DEAR ABBY: My niece is getting married this spring, which has created a dilemma for my immediate family.

When the save-the-date cards went out, she addressed them only to the women in the family. At first we thought it was a mistake, but now the invitations have come and they are also only for the women.
My husband and my son (her first cousin) feel neglected. My son’s wife was invited, but she does not know the bride at all.
It seems that the bride has a limited number of guests she can invite to the place. She also has a large number of friends and the groom’s family attending.
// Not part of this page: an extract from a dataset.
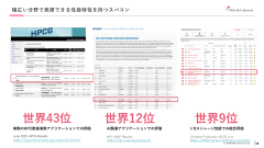 小西氏は、スーパーコンピューターの性能ランキングを競う「TOP500」において、さくらONEが世界49位の性能を発揮し、さらに分野ごとのベンチマークでもランキングに入ったことを紹介。次回のTOP500へのエントリーも準備中だと語った。

Out of respect for my son and my husband – and a son-in-law who was also excluded – we will all answer that we will not participate.
I’m awful not being able to see my niece go down the aisle, but I’m not used to my spouse being ignored. Am I doing the right thing?
THE COUNCIL OF FLORIDA
DEAR COUNCIL: Before rejecting the wedding invitation, call your niece and ask if she intentionally excludes the men. Because women do most social events, she may not have realized that each guest’s name should be on the invitation.
Instead of trying to exclude family members because their chromosomes are not the same as hers, this may simply have been an etiquette boo-boo.
DEAR ABBY: I have been married for 35 years and have a recurring problem with no solution in sight: My wife puts frozen meat on the counter to thaw.
She says she can not count on thawing it up in the fridge because it takes too long and disrupts her meal planning. Her mother has always done it this way and no one has ever gotten sick.
I try to talk to her, but it only ends in a fight. Any suggestions would be appreciated.
RISK AND ILLINOIS
DEAR RISK: The Food and Drug Administration has issued guidelines on cooking because people have become very ill when not done properly. They specify that food should never be thawed or marinated at room temperature.
Over the last 10 or 15 years, conditions at some of our slaughterhouses and farms have deteriorated and consumers have died as a result.
I can not predict if you can persuade your wife to change. But you might be doing her a favor if you visit her fda.gov and print out some information for her and your mother-in-law. Better to be safe than sorry.
DEAR ABBY: My wife is part of a Christmas cake exchange with her sisters-in-law and her mother. Three of them make beautiful, tasty cookies. The other person’s cookies are not very good, so the others do not put them on their trays. Instead, they gladly accept them and “give them away.”
I think someone should grab this woman and “gently” suggest that she make a different kind of cookie so she does not waste her time, energy and money. I have been told to stay out. Your thoughts?
WASTE OF COOKIES IN NEW YORK
DEAR SPOKES OF COOKIES: Ideally, the woman might want to know that her cookie is not well-liked. In the real world, though, her emotions can get hurt. You have been overruled. Right now, everyone is happy. If the temptation to say something becomes overwhelming, put a “good” cookie in your mouth and keep it closed.